The USA Freedom Corps will link citizens with service opportunities in their communities. In July, the president unveiled a redesigned website (www.
usafreedomcorps.gov) that features the USA Freedom Corps Volunteer Network, the largest clearinghouse of volunteer opportunities ever created. Thanks to an unprecedented collaboration among many government agencies, for-profit companies, nonprofit organizations, and private foundations, Americans can now find volunteer opportunities anywhere in the country (and even abroad) with just a few clicks of the mouse. The effort represents the power of government to rally diverse (and sometimes competitive) groups to a higher and shared purpose-and offers a glimpse of the public-private partnerships that are possible when government promotes service.

Since the president’s call to service, interest in volunteer and national service is up. Key indicators include the increase in the numbers of citizens being matched with local service opportunities, as well as traffic at web sites for the USA Freedom Corps and the recruitment websites of Senior Corps and AmeriCorps, where applications have more than doubled. The Peace Corps also reports steady increases in applications. Nonprofit organizations, businesses, schools, faith-based groups, and other institutions are stepping forward to answer the call to service with new commitments and, in many cases, institutional changes that promise to foster a culture of service for years to come.
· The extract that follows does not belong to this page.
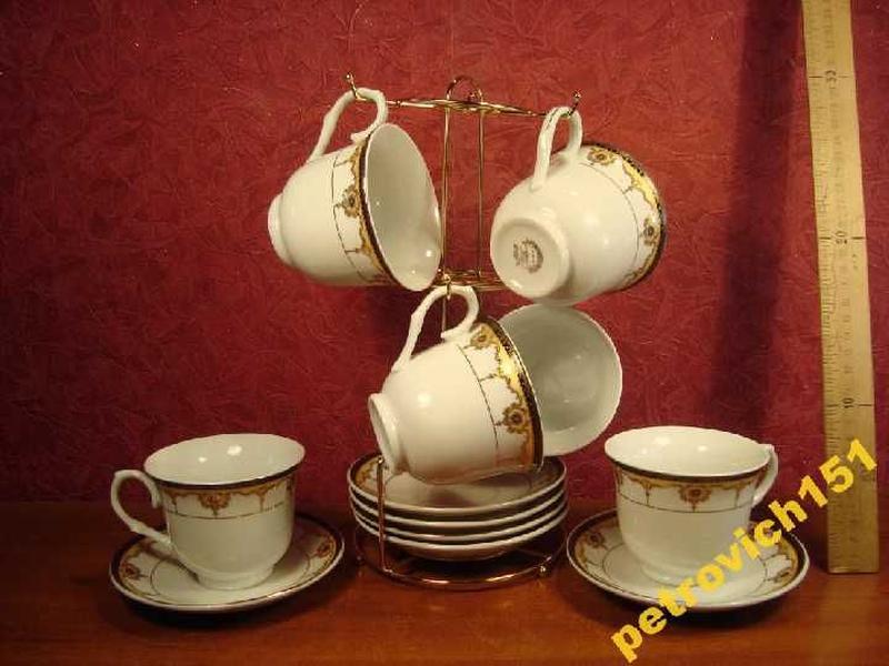 Чайный Набор Фарфор Подставка Металл Новый 1 ПОДСТАВКА. 6-БЛЮДЕЦ (ДИАМЕТР 13,5 СМ.); 6- ЧАШЕК (ВЫСОТА 7 СМ. );
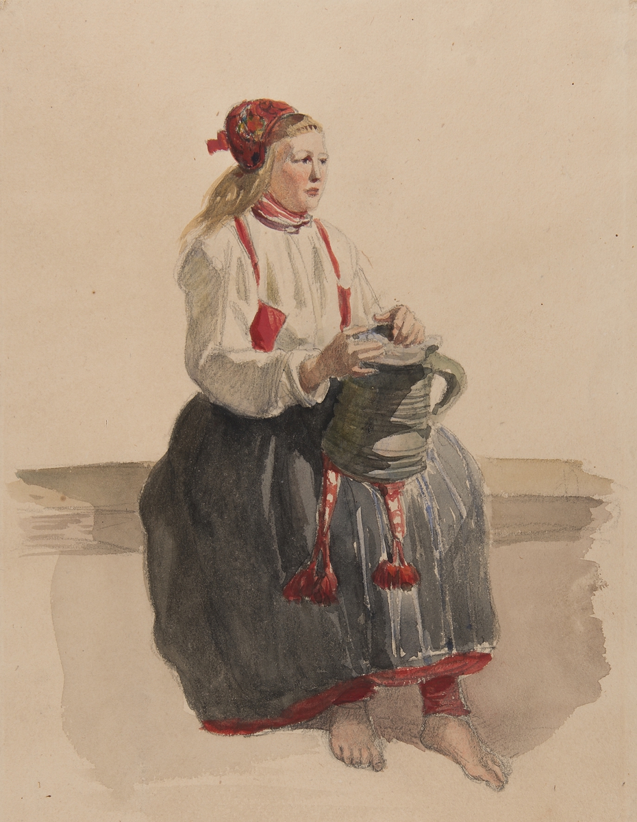 Ung kvinna i dräkt sittande i helfigur Akvarell av J.W. Wallander.

Service and Cultural Renewal

The Bush administration’s civic agenda, together with its reform of national service, represents an unprecedented, cross-sector push to reconnect Americans to their communities and their country—and a new direction in how government views its role in strengthening the voluntary sector. Instead of bemoaning the decline of American mediating institutions, the administration seeks public actions to reinvigorate them. In an era of a high-tech, low-manpower military, it also looks for ways to involve as many Americans as possible in serving their country during a time of war and to encourage institutional changes at every level to ensure that volunteer service remains strong in times of peace. It aims to provide avenues for Americans, especially young adults and senior citizens able to offer sustained volunteer service, to dedicate themselves to reaching out and ministering to the needy and suffering. The president’s service agenda clearly reflects the belief that citizens who are closest to the needs of people in local communities are best positioned to bring hope and help to those most needing it and that a renewed effort is needed to mobilize more Americans into volunteer service.

In identifying national and community service as a force for institutional and cultural renewal, the Bush administration has begun to make it an idea that Americans of all political stripes can embrace.